Scatterplot with categorical and numerical semantics
====================================================
"""
sns.set(style="whitegrid")
# Load the example iris dataset
diamonds = pd.read_csv("./seaborn-data-master/diamonds.csv")
# Draw a scatter plot while assigning point colors and sizes to different
# variables in the dataset
f, ax = plt.subplots(figsize=(6.5, 6.5))
sns.despine(f, left=True, bottom=True)
clarity_ranking = ["I1", "SI2", "SI1", "VS2", "VS1", "VVS2", "VVS1", "IF"]
sns.scatterplot(x="carat", y="price",
hue="clarity", size="depth",
palette="ch:r=-.2,d=.3_r",
hue_order=clarity_ranking,
sizes=(1, 8), linewidth=0,
data=diamonds, ax=ax)
<AxesSubplot:xlabel='carat', ylabel='price'>
boxenplot
增强箱图
"""
Plotting large distributions
============================
"""
sns.set(style="whitegrid")
diamonds = pd.read_csv("./seaborn-data-master/diamonds.csv")
clarity_ranking = ["I1", "SI2", "SI1", "VS2", "VS1", "VVS2", "VVS1", "IF"]

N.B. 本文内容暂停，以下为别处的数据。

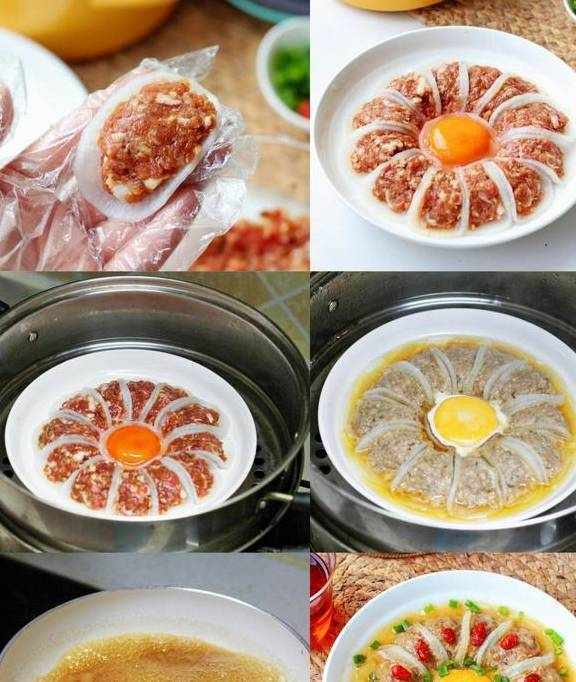 4.将肉馅团成乒乓球大小的丸子,用白萝卜片夹起来,码在盘子里,中间放上鸡蛋黄,上锅蒸20分钟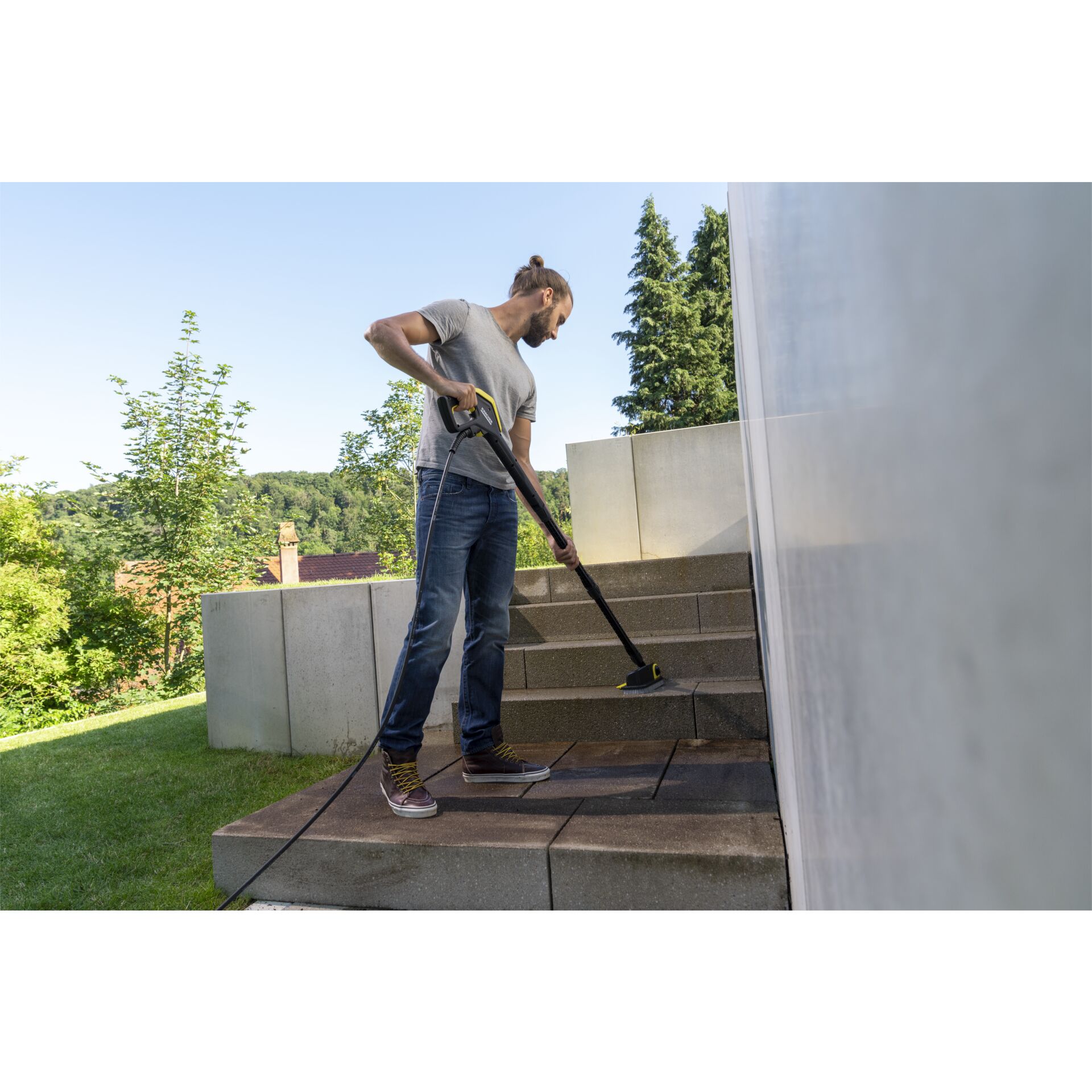 Der Powerschrubber PS 30 sorgt für strahlende Reinigungsergebnisse auf verschiedensten Oberflächen. Dafür sorgen 3 Hochdruckdüsen, die auch hartnäckigen Schmutz lösen. Damit ist der PS 30 der optimale Helfer für die zuverlässige Reinigung von kleinen bis mittelgroßen Flächen, wie für Treppen und Kanten. Um an schwer zugängliche Stellen zu gelangen, kann der Bürstenkopf um 360° gedreht werden. Alle glatten Flächen können nach der Reinigung mit der integrierten Schmutzlippe abgezogen werden. So wird überflüssiges Schmutzwasser schnell entfernt und die Flächen sind direkt wieder nutzbar. Diese Kombination aus Hochdruckstrahl und manuellem Bürstendruck stellt mit seiner Reinigungsleistung jeden herkömmlichen Schrubber in die Ecke und kann mit allen Kärcher Hochdruckreinigern der Klassen K 2 bis K 7 kombiniert werden.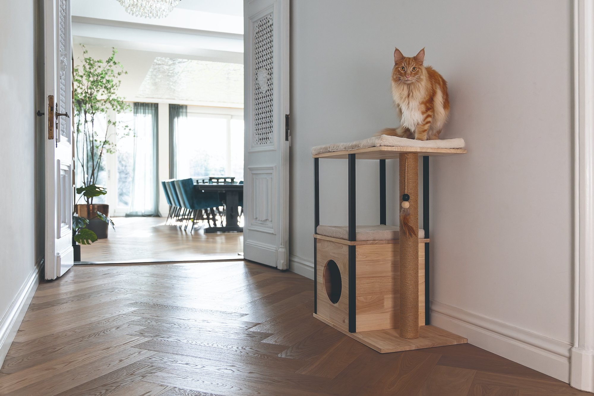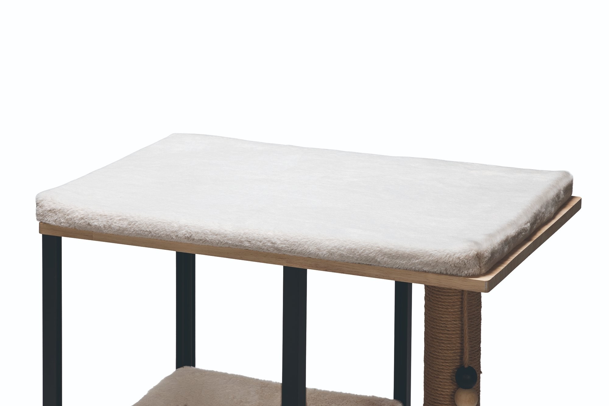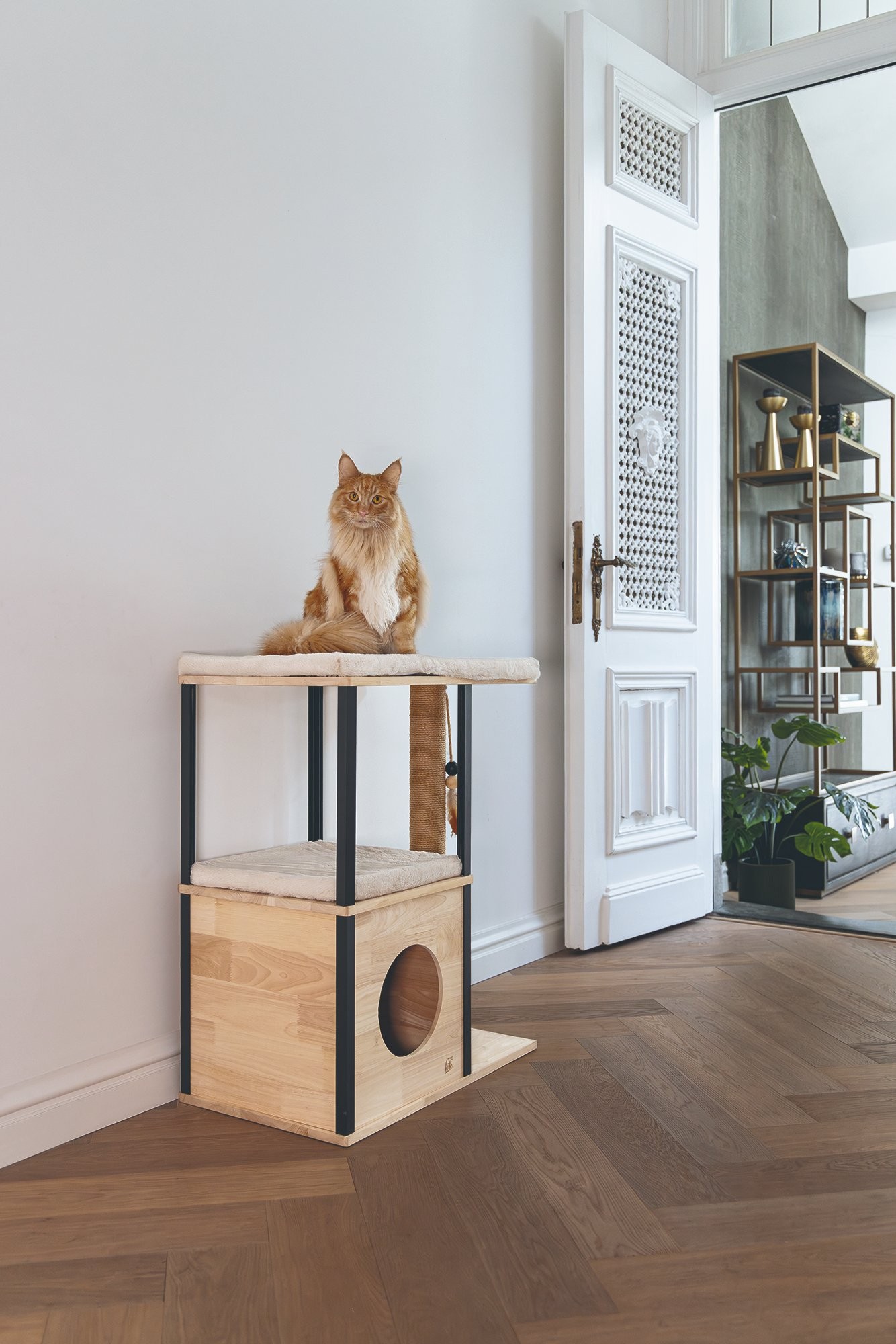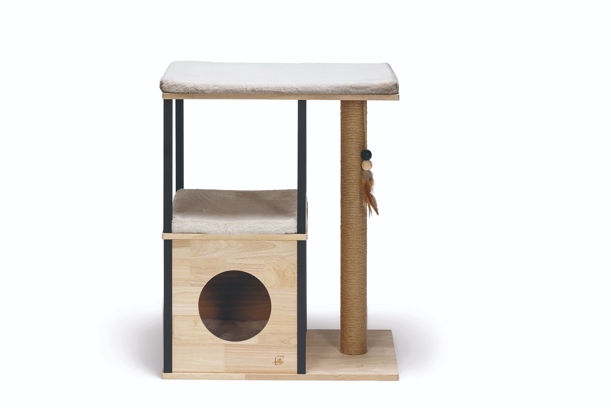 Představujeme Vám praktický a krásný kus nábytku jménem Nala od Designed by Lotte. Bude nejen skvělým škrabadlem pro Vaši kočku, ale poskytne jí hned několik pohodlných míst k odpočinku. Domeček má vepředu jeden vstupní otvor, a tak zajistí, že se Váš mazlíček bude uvnitř cítit v bezpečí. Přidané polštářky v domečku a na plošinách přispívají při lenošení k extra pohodlí. Škrabadlo je vyrobeno z kaučukového dřeva a má krásný hliníkový rám. Škrabací sloupek je obalen jutou. Pro ochranu Vaší podlahy je toto škrabadlo dodáváno s ochrannými nožičkami.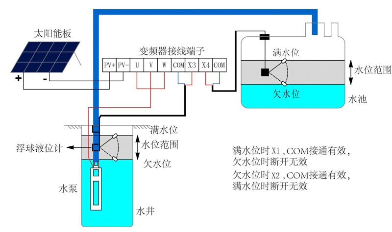 4.系统可在保护池或水塔中应用浮动开关来控制水泵的运行。 低水位探头可以安装在井中,以检测井水位,以便在低水位井时停止泵 .

sns.boxenplot(x="clarity", y="carat",
color="b", order=clarity_ranking,
scale="linear", data=diamonds)
<AxesSubplot:xlabel='clarity', ylabel='carat'>
Scatterplot
散点图
"""
Scatterplot with continuous hues and sizes
==========================================
"""
sns.set()
# Load the example iris dataset
planets = pd.read_csv("./seaborn-data-master/planets.csv")
cmap = sns.cubehelix_palette(rot=-.2, as_cmap=True)
ax = sns.scatterplot(x="distance", y="orbital_period",
hue="year", size="mass",
palette=cmap, sizes=(10, 200),
data=planets)
"""
Scatterplot with marginal ticks
===============================
"""
sns.set(style="white", color_codes=True)
# Generate a random bivariate dataset
rs = np.random.RandomState(9)
mean = [0, 0]
cov = [(1, 0), (0, 2)]
x, y = rs.multivariate_normal(mean, cov, 100).T
# Use JointGrid directly to draw a custom plot
grid = sns.JointGrid(x, y, space=0, height=6, ratio=50)
grid.plot_joint(plt.scatter, color="g")
grid.plot_marginals(sns.rugplot, height=1, color="g")
PairGrid
用于绘制数据集中成对关系的子图网格。
"""
Paired density and scatterplot matrix
=====================================
"""
sns.set(style="white")
df = pd.read_csv("./seaborn-data-master/iris.csv")
g = sns.PairGrid(df, diag_sharey=False)
g.map_lower(sns.kdeplot)
g.map_upper(sns.scatterplot)
g.map_diag(sns.kdeplot, lw=3)
"""
Paired categorical plots
========================
"""
sns.set(style="whitegrid")
# Load the example Titanic dataset
titanic = pd.read_csv("./seaborn-data-master/titanic.csv")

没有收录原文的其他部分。